EXERCISE DETAILS:
A copy of the listing below is needed, exact in every line and without images.

RAW DATA:
- Opening Delimiter -

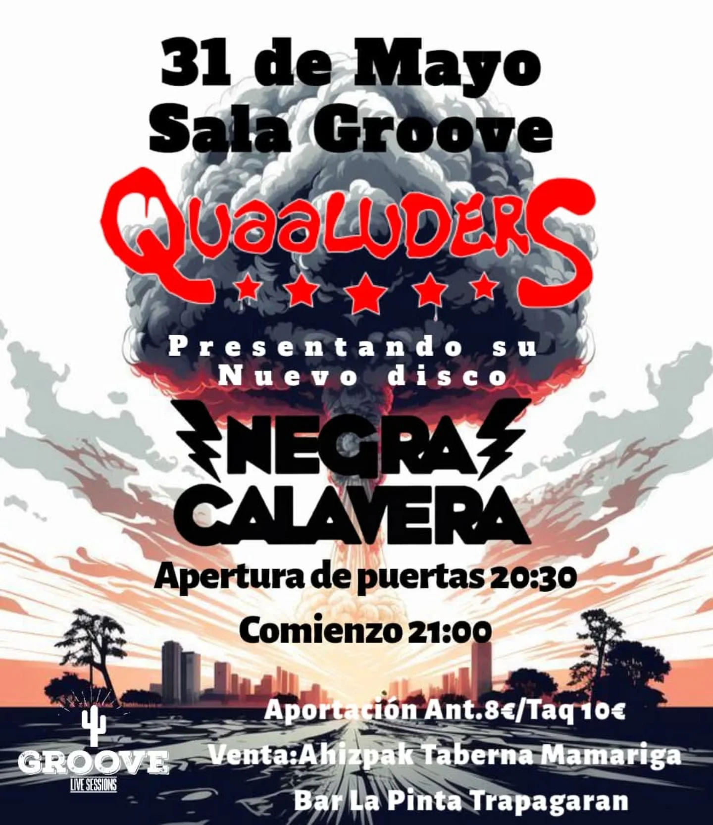 31 de mayo, sábado: Quaaluders + Negracalavera en Groove - Portugalete Aportaciones anticipadas: 8 € en PELOTAZO TABERNA (Portugalete), Ahizpak Taberna (Mamariga) y La pinta (Trapagaran). Aportaciones en sala: 10 € Noche con aires de punk-rock y High Energy Rock´n´roll con el combo santurtziarra #Quaaluders y la banda capitalina @negracalaveraband.
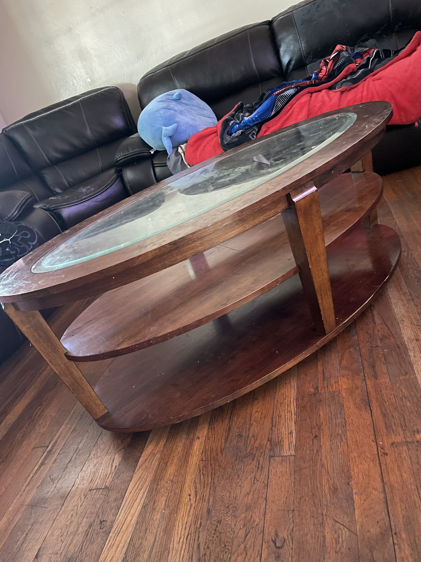 Wooden coffee with glass, pick up only, NEED GONE ASAP !! 40$!!
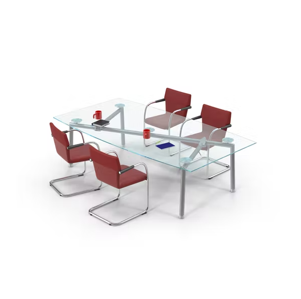 Meja meeting yang terbuat dari kaca secara visual akan jauh lebih menarik. Selain itu dengan tampilan yang mengkilap memberi kesan elegan, sejuk dan dingin. Kelemahan dari meja meeting kaca adalah meja ini bisa mudah retak jika tidak kuat menahan beban yang terllau berat diletakkan di atas meja. Maka sebaiknya Anda hanya menaruh barang-barang yang penting saja di atas meja meeting kaca ini.
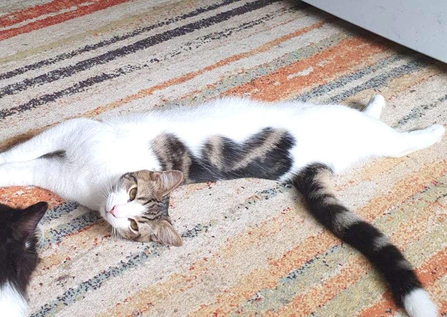Little Trifle was born on the street with his brother Truffle. His mother Ava taught her sons well to be wary of humans so by the time we bought them into care at 12 weeks they were well trained to run & hide. We saw something in them though that made us feel they deserved a chance & their wonderful carers have worked hard to bring them out of their shells & it's been so worth the effort!

- Closing Delimiter -

WRITTEN SOLUTION:
 31 de mayo, sábado: Quaaluders + Negracalavera en Groove - Portugalete Aportaciones anticipadas: 8 € en PELOTAZO TABERNA (Portugalete), Ahizpak Taberna (Mamariga) y La pinta (Trapagaran). Aportaciones en sala: 10 € Noche con aires de punk-rock y High Energy Rock´n´roll con el combo santurtziarra #Quaaluders y la banda capitalina @negracalaveraband.
 Wooden coffee with glass, pick up only, NEED GONE ASAP !! 40$!!
 Meja meeting yang terbuat dari kaca secara visual akan jauh lebih menarik. Selain itu dengan tampilan yang mengkilap memberi kesan elegan, sejuk dan dingin. Kelemahan dari meja meeting kaca adalah meja ini bisa mudah retak jika tidak kuat menahan beban yang terllau berat diletakkan di atas meja. Maka sebaiknya Anda hanya menaruh barang-barang yang penting saja di atas meja meeting kaca ini.
Little Trifle was born on the street with his brother Truffle. His mother Ava taught her sons well to be wary of humans so by the time we bought them into care at 12 weeks they were well trained to run & hide. We saw something in them though that made us feel they deserved a chance & their wonderful carers have worked hard to bring them out of their shells & it's been so worth the effort!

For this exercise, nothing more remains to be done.